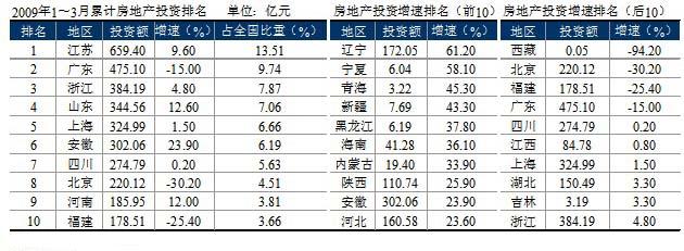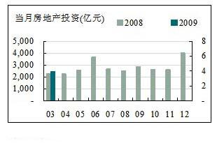 1~3月份房地產(chǎn)投資額為4880.29億元,同比增長4.10%,較2008年同期增速回落了28.2百分點,但與上月增速相比,提高3個百分點。3月份當月完成房地產(chǎn)投資額2482.14億元,同比增長7.27%。似出現(xiàn)房地產(chǎn)回暖跡象,但仍有待時間的考證。
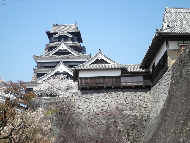 明治維新後の西南戦争で、天守を初めとして多くの建物が焼失しましたが、宇土櫓は現存で、五階建てで他の中小規模の現存天守を凌ぐ大きさです。お城が好きな方は見逃せません。
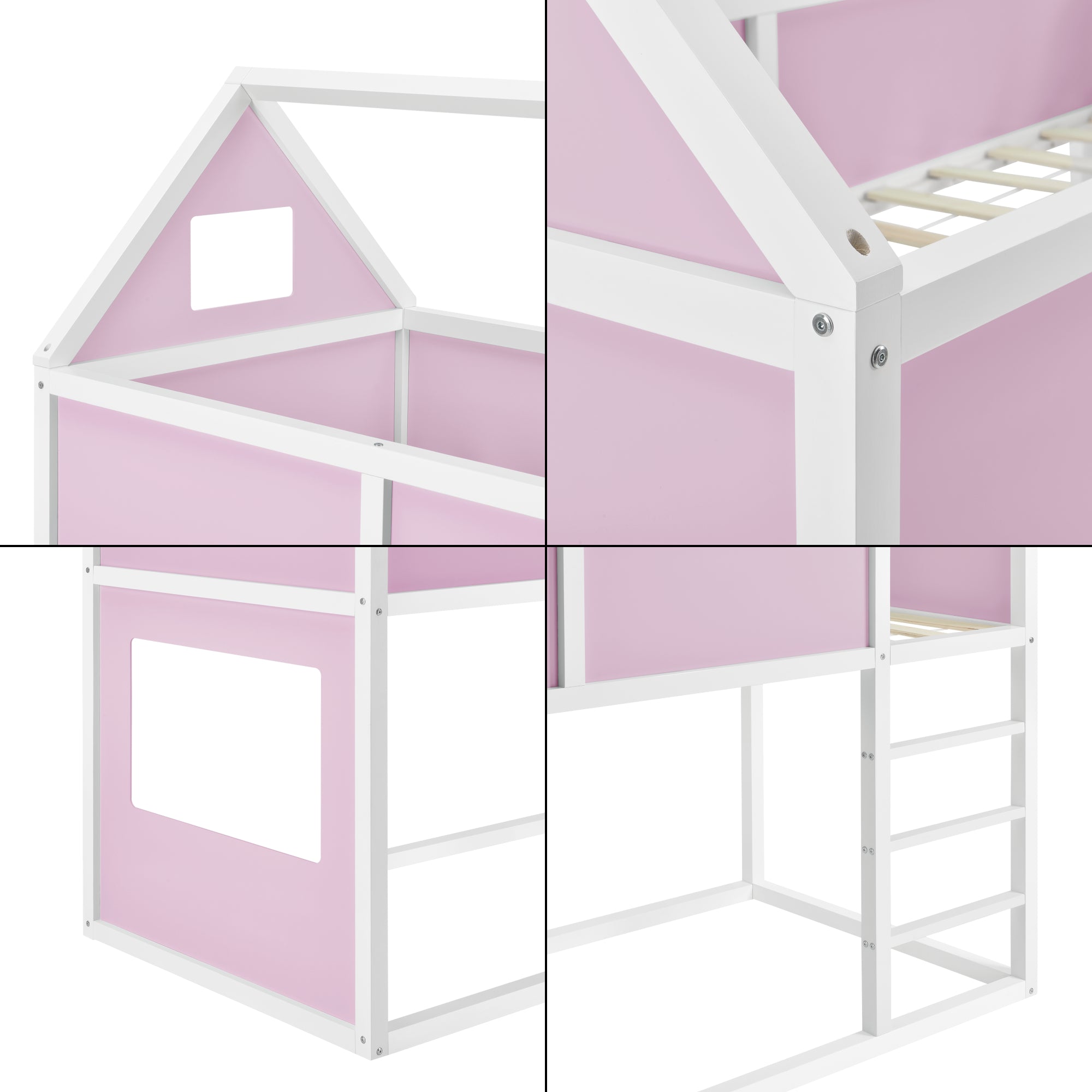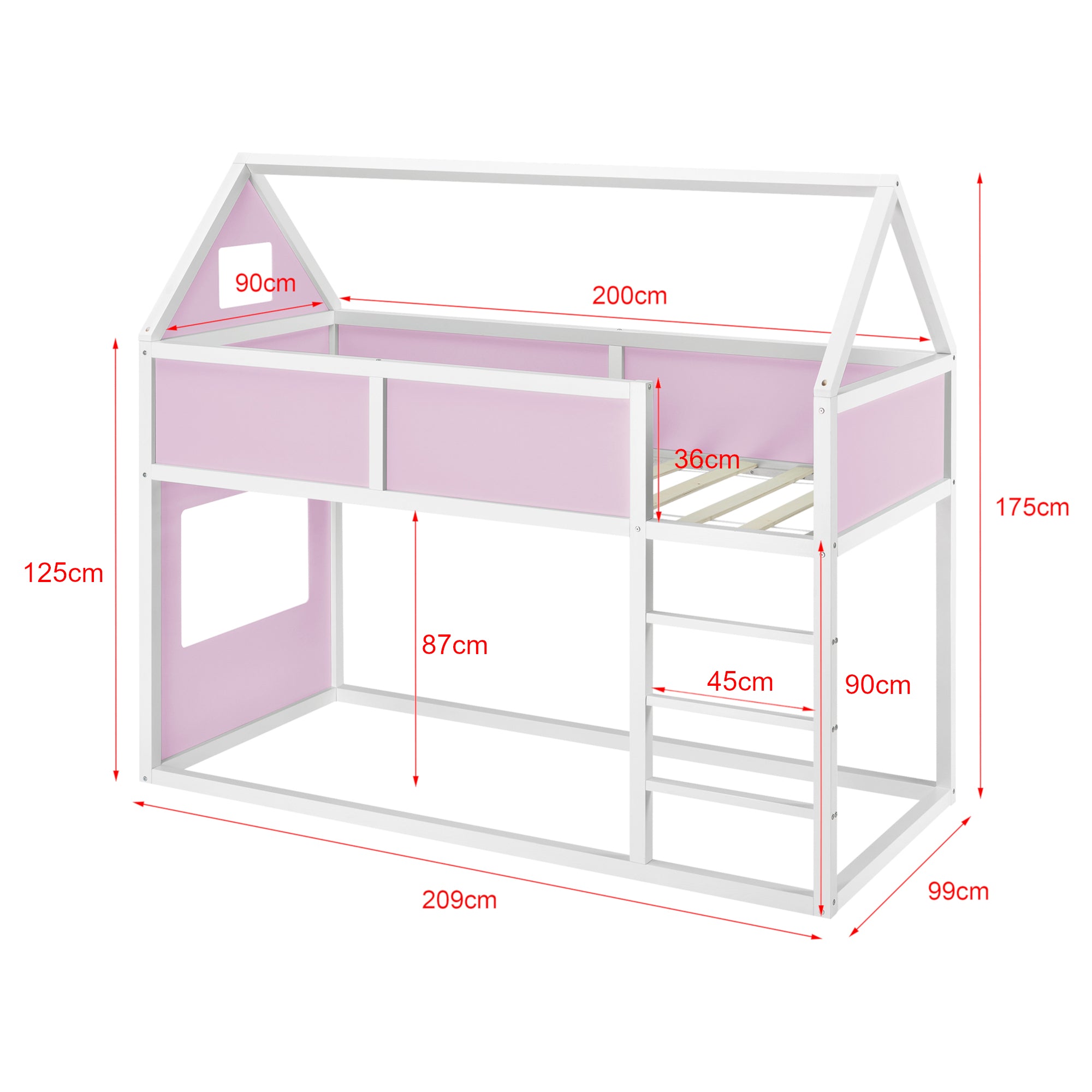- Lit mezzanine enfant en forme de maison avec échelle
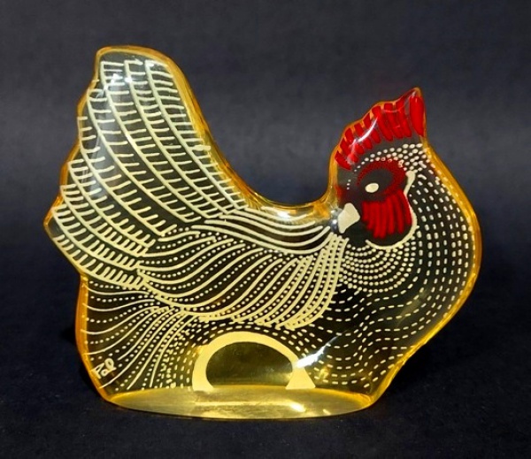 • BRAHAM PALATNIK  Escultura cinética representando galinha bege/vermelho em resina de poliéster de manufatura Abraham Palatnik. Medindo 8,3 cm de altura por 9,5 cm de comprimento.
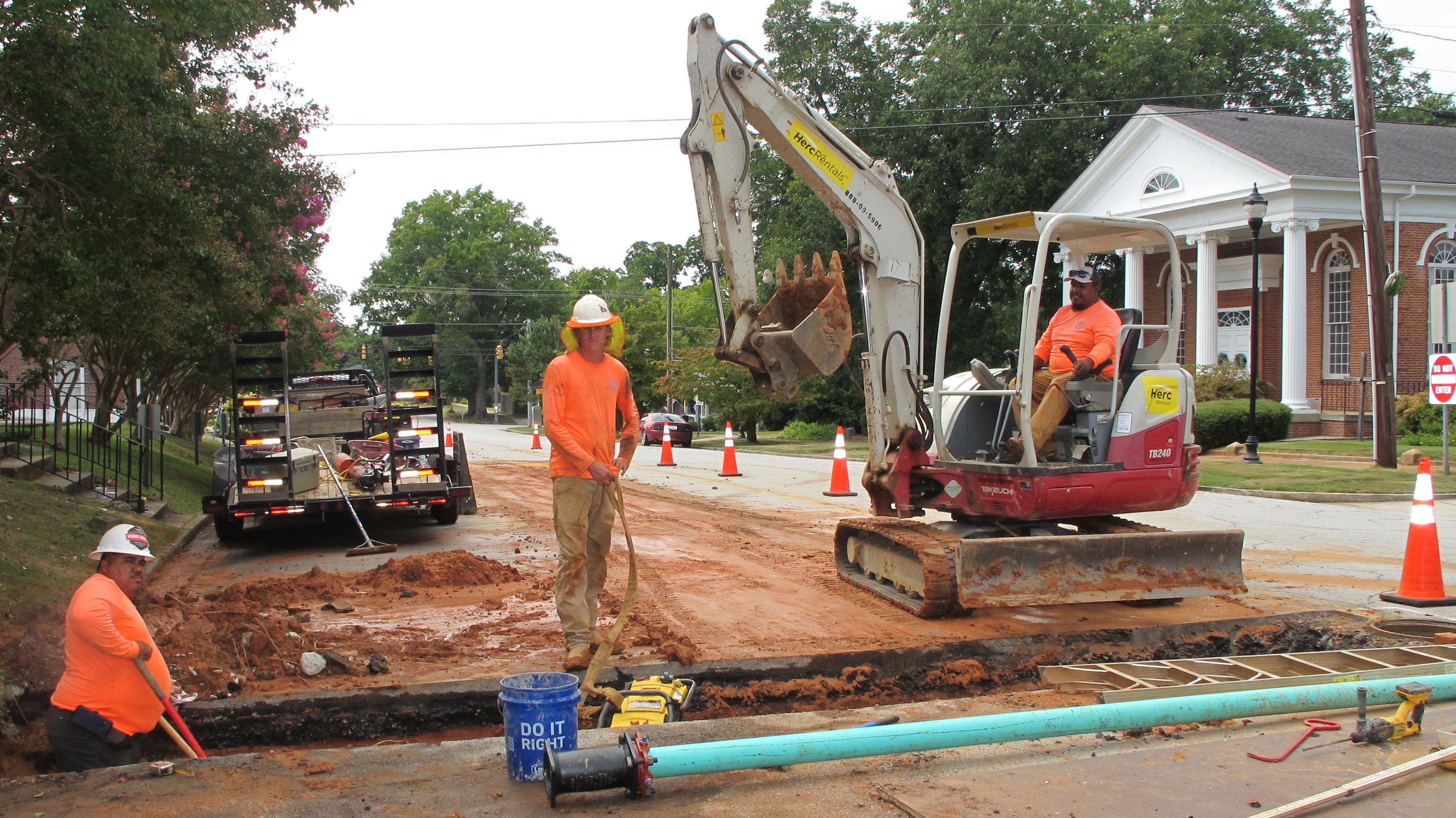 WINNSBORO – Advantage Outdoors construction company out of Gilbert has spent the last few weeks laying sewer lines to the Courthouse for two new restrooms...
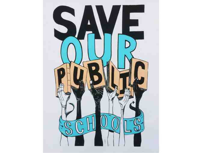Save Our Public Schools by Pete Railand was created for an Art Build organized by MTEA (Milwaukee Teachers' Education Association) the union for K-12 teachers in the Milwaukee Public Schools district.
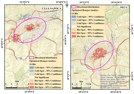 The spatial arrangement of creative industries within cities reveals two different patterns in terms of their clustering—patterns that directly influence the spatial arrangement of accessibility ranges. The analysis of hot-spot clusters brings to the fore the clustering in a single hot-spot identified near the centre of Pécs. Instead, three main hot-spots can be identified in the city of Cluj-Napoca: a very well-connected hot-spot in the centre of the city; a hot-spot in the eastern part of the city spatially identified with the largest block of flats (Mănăștur district) in Cluj-Napoca—thus, in one postal code, several creative industries are identified, but they are on different floors; and a hot-spot in the making (the Grigorescu neighbourhood)—an expanding neighbourhood where many commercial companies have their headquarters but operate in other locations (Figure 3). From the point of view of the spatial arrangement of the cold hot-spots, the city of Cluj-Napoca stands out with such a hot-spot in the northern part; a hot-spot developed due to the expansion over large areas of neighbourhoods with individual homes; and a cold hot-spot in the immediate vicinity of the airport, where more storage spaces and less creative industries are identified. Approximately the same directional distribution is identified in the NE/SW direction imprinted by the inner-city development of the two cities, around the main transport axes that serve them.
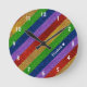 Bright and Sparkly Rainbow Faux Glitter Striped Round Clock
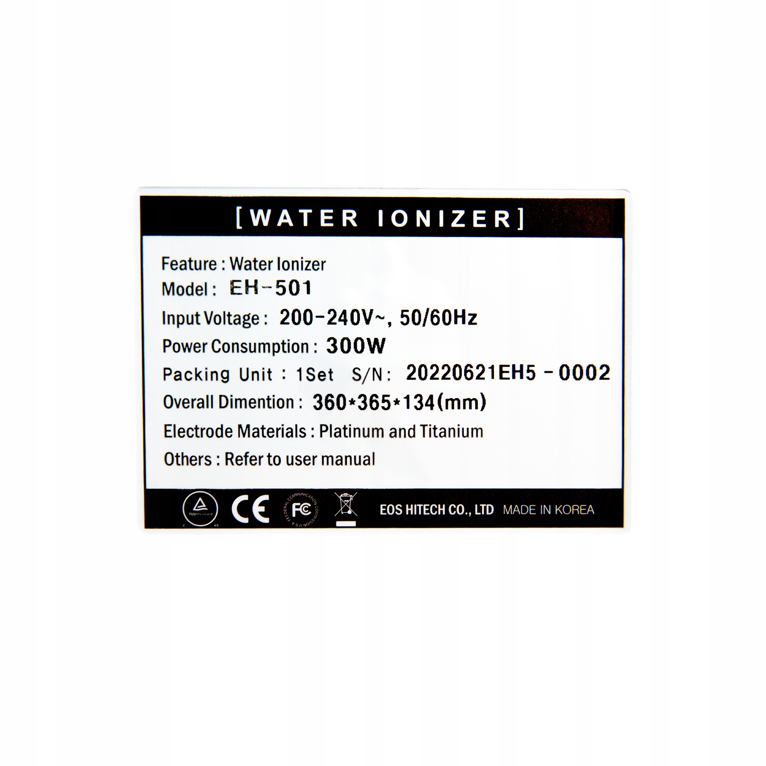 Производитель корейской компании EOS Hitech, проточный ионизатор EH-501 — новый стандарт среди ионизаторов. Роскошный и современный внешний вид ионизатора прекрасно впишется в любой кухонный интерьер.
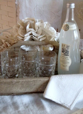 I was looking for something specific for the table and came across a couple of things I had set aside until I had time to pay attention to them. A set of monogrammed homespun linen napkins, and an antique French cloth that needed soaking. (More about soaking here.) (And here.) (More linen love here.) (And here.) (And here.)
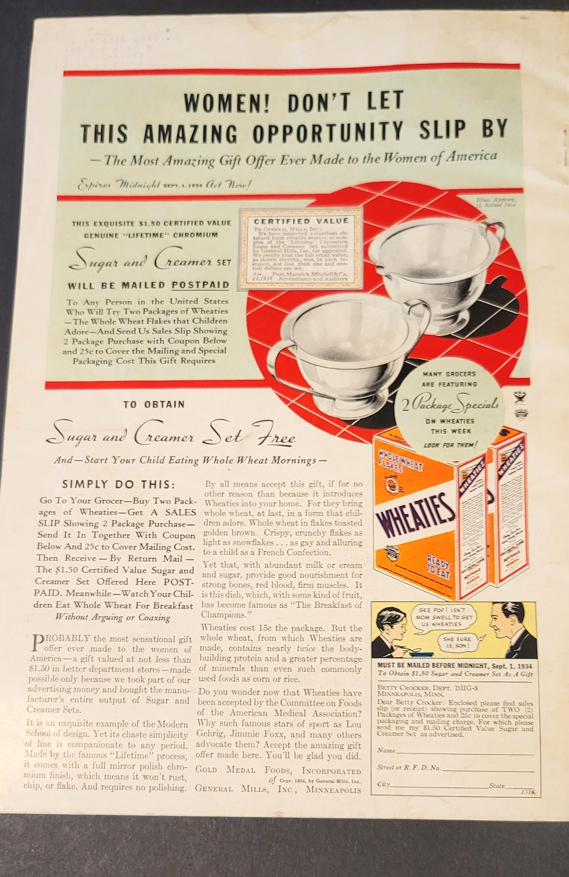 Here is a nice BH&G magazine from Aug 1934. It is in very good condition except for it is worn in the upper left corner and has a small dog ear on the other side. Pretty good since it is 92 years old. It is 12 x 8.5" and has 52 pages of homemaking tips, fashion, home decor and of course the cool vintage ads.

Exercise aim: If a record holds a picture, leave the picture out and copy the rest exactly.

Task solution:
 1~3月份房地產(chǎn)投資額為4880.29億元,同比增長4.10%,較2008年同期增速回落了28.2百分點,但與上月增速相比,提高3個百分點。3月份當月完成房地產(chǎn)投資額2482.14億元,同比增長7.27%。似出現(xiàn)房地產(chǎn)回暖跡象,但仍有待時間的考證。
 明治維新後の西南戦争で、天守を初めとして多くの建物が焼失しましたが、宇土櫓は現存で、五階建てで他の中小規模の現存天守を凌ぐ大きさです。お城が好きな方は見逃せません。
- Lit mezzanine enfant en forme de maison avec échelle
 • BRAHAM PALATNIK  Escultura cinética representando galinha bege/vermelho em resina de poliéster de manufatura Abraham Palatnik. Medindo 8,3 cm de altura por 9,5 cm de comprimento.
 WINNSBORO – Advantage Outdoors construction company out of Gilbert has spent the last few weeks laying sewer lines to the Courthouse for two new restrooms...
Save Our Public Schools by Pete Railand was created for an Art Build organized by MTEA (Milwaukee Teachers' Education Association) the union for K-12 teachers in the Milwaukee Public Schools district.
 The spatial arrangement of creative industries within cities reveals two different patterns in terms of their clustering—patterns that directly influence the spatial arrangement of accessibility ranges. The analysis of hot-spot clusters brings to the fore the clustering in a single hot-spot identified near the centre of Pécs. Instead, three main hot-spots can be identified in the city of Cluj-Napoca: a very well-connected hot-spot in the centre of the city; a hot-spot in the eastern part of the city spatially identified with the largest block of flats (Mănăștur district) in Cluj-Napoca—thus, in one postal code, several creative industries are identified, but they are on different floors; and a hot-spot in the making (the Grigorescu neighbourhood)—an expanding neighbourhood where many commercial companies have their headquarters but operate in other locations (Figure 3). From the point of view of the spatial arrangement of the cold hot-spots, the city of Cluj-Napoca stands out with such a hot-spot in the northern part; a hot-spot developed due to the expansion over large areas of neighbourhoods with individual homes; and a cold hot-spot in the immediate vicinity of the airport, where more storage spaces and less creative industries are identified. Approximately the same directional distribution is identified in the NE/SW direction imprinted by the inner-city development of the two cities, around the main transport axes that serve them.
 Bright and Sparkly Rainbow Faux Glitter Striped Round Clock
 Производитель корейской компании EOS Hitech, проточный ионизатор EH-501 — новый стандарт среди ионизаторов. Роскошный и современный внешний вид ионизатора прекрасно впишется в любой кухонный интерьер.
 I was looking for something specific for the table and came across a couple of things I had set aside until I had time to pay attention to them. A set of monogrammed homespun linen napkins, and an antique French cloth that needed soaking. (More about soaking here.) (And here.) (More linen love here.) (And here.) (And here.)
 Here is a nice BH&G magazine from Aug 1934. It is in very good condition except for it is worn in the upper left corner and has a small dog ear on the other side. Pretty good since it is 92 years old. It is 12 x 8.5" and has 52 pages of homemaking tips, fashion, home decor and of course the cool vintage ads.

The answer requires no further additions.